17.11.24
OPINIÃO: Do granito
O mestre de pensar, Jorge Luís Borges, escreveu: "Eu tenho poucas ideias e expresso-as sempre várias vezes". Tirou-me as palavras da boca, por ser o que se passa comigo: em matéria de Porto, ando às voltas e acabo no mesmo sítio.
Tais voltas incluem o que se passa por aí, mirando notícias e ouvindo pessoas acerca da cidade, meu território de sentimento e opção. Assim, foi com surpresa que li a notícia de o granito ter sido reconhecido pela UNESCO como "Pedra Património da Humanidade". Fiquei espantado não pelo facto da história da cidade poder contar-se com os seus habitantes a transformarem a pedra-mãe em urbe e património, mas por haver no mundo e entre nós quem se interesse por valores que afirmam a memória de um país.
Vem dos primórdios do Burgo a ligação com o granito.
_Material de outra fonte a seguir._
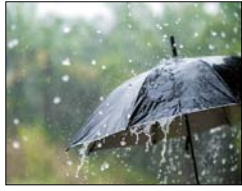
बारिश में भीग गए नौतपा, फर्रुखाबाद सबसे गर्म जिला रहा, गरज चमक के साथ तेज हवाएं भी चलेंगी, तापमान में होगी गिरावट

लखनऊ। पिछले दिनों सक्रिय पश्चिमी विक्षोभ अब धीरे-धीरे कमजोर पड़ रहा है, जिसकी वजह से उत्तर प्रदेश में आंधी पानी और ओले गिरने का सिलसिला कम होगा। प्रदेश के पश्चिमी इलाकों में आज और आने वाले 5-6 दिनों तक कुछ स्थानों पर गरज चमक के साथ बारिश और तेज रफ्तार हवा चल सकती है। वहीं पूर्वी उत्तर प्रदेश में मौसम ड्राई रहेगा। पूर्वी उत्तर प्रदेश में भी दो-तीन दिन बाद कुछ स्थान पर गरज चमक के साथ बारिश और आंधी चलने की संभावना है।
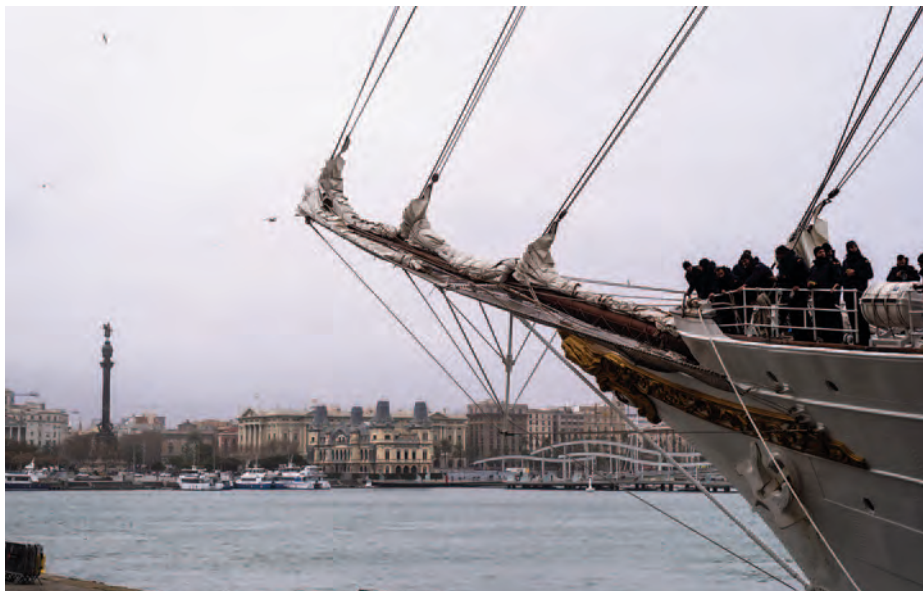
Escala en Barcelona del Juan Sebastián de Elcano, marzo de 2022.

Asimismo, y para que los jóvenes también hayan podido adquirir y apreciar un conocimiento básico de la gesta, se ha elaborado una publicación en formato cómic sobre la expedición y la vida de Elcano. Con un guion riguroso en lo histórico pero desenfadado en el lenguaje para hacerlo ameno y atractivo, la obra muestra los antecedentes del insigne marino de Guetaria antes de enrolarse en la expedición que preparaba Magallanes, las incidencias de la ruta que le llevaron a asumir el mando, la decisión de retornar a España continuando la navegación hacia el oeste y su muerte en el Pacífico a la cabeza de la segunda expedición que la Corona envió a las Molucas.
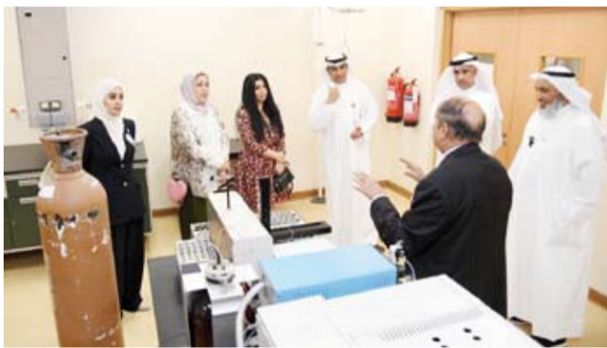
الفجاء وبهيهاني والوفد المرافق خلال الاطلاع على إمكانات المختبرات

لدى هذه المختبرات بما يسهم في دعم خطط التعامل مع المستجدات وتعزيز الجاهزية المؤسسية. وأكد الجانبان (حسب البيان) ضرورة تعزيز التعاون وأهمية التكامل بين الجهات الحكومية من خلال تبادل الخبرات والإمكانات بما يرفع كفاءة الأداء المؤسسي ويوحد الجهود لمواجهة التحديات الراهنة. كما شدد على ضرورة مواصلة تعزيز التعاون المشترك في مختلف الجوانب الفنية والتقنية والتدريبية وتفعيل بنود الاتفاقية المشتركة بينهما بما يخدم المصلحة الوطنية ويتماشى مع توجيهات مجلس الوزراء الداعية إلى تكامل الأدوار وتضافر الجهود بين مؤسسات الدولة.
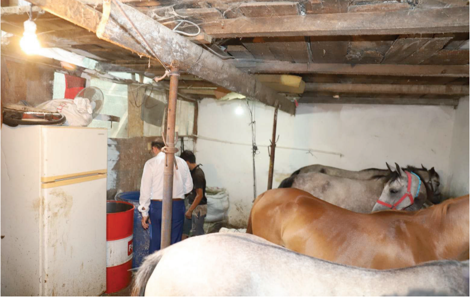
Resim 25. Aya Nikola At Barınakları-4
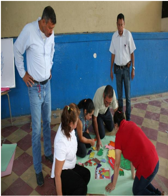
Recortando la figura de cada departamento.
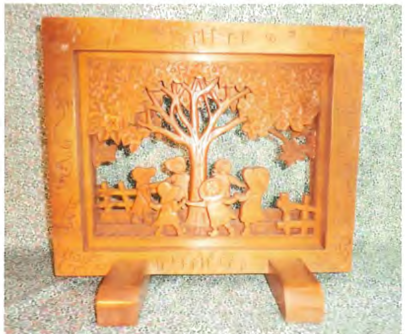
【桜の下で遊ぶ少女達】
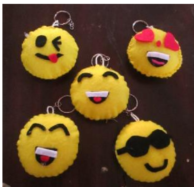
Gambar 2. Hasil Kreasi Flanel Gantungan Kunci

Setelah mengenal bahan dan alat yang digunakan untuk membuat souvenir dari kain flanel (gantungan kunci, bros dan buket bunga) para peserta ditunjukkan karya-karya yang dibuat dari bahan flanel, ada sekitar 15 kerajinan yang bisa dibuat dari kain flanel oleh pematerinya. Selanjutnya para peserta diajak langsung praktek pembuatan souvenir . Pertama yang dipraktikkan adalah pembuatan gantungan kunci. Peserta diajari mulai dari memotong kain dengan pola sesuai ukuran yang dibutuhkan.
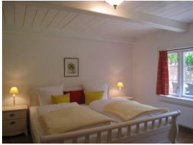
Ein Schlafzimmer mit großem Doppelbett im Erdgeschoss

O seu crescimento fez-se à custa das pedreiras nele disponíveis e a partir do séc. XVIII surgem referências precisas à sua actividade. Numa acta da Irmandade dos Clérigos, lê-se que "explorava uma pedreira no Monte" (certamente o Pedral de onde, para a abertura da Rua da Constituição, foram retiradas toneladas de pedra). Aquela Irmandade adiantava que "a pedraria de qualidade era comprada fora".
Em 1791, da pedreira da Arrábida foi extraída o granito para entulhar parte da margem direita da Barra do Douro e, em 1852, a imprensa noticiava que "para a construção da estrada marginal" já se viam pedras saídas da pedreira da Torre da Marca (tal extracção permitiu a abertura da Rua da Restauração).
(E falando de pedreiras: uma há que nem devia existir. A da Av. da Ponte, punhal espetado no nosso coração.)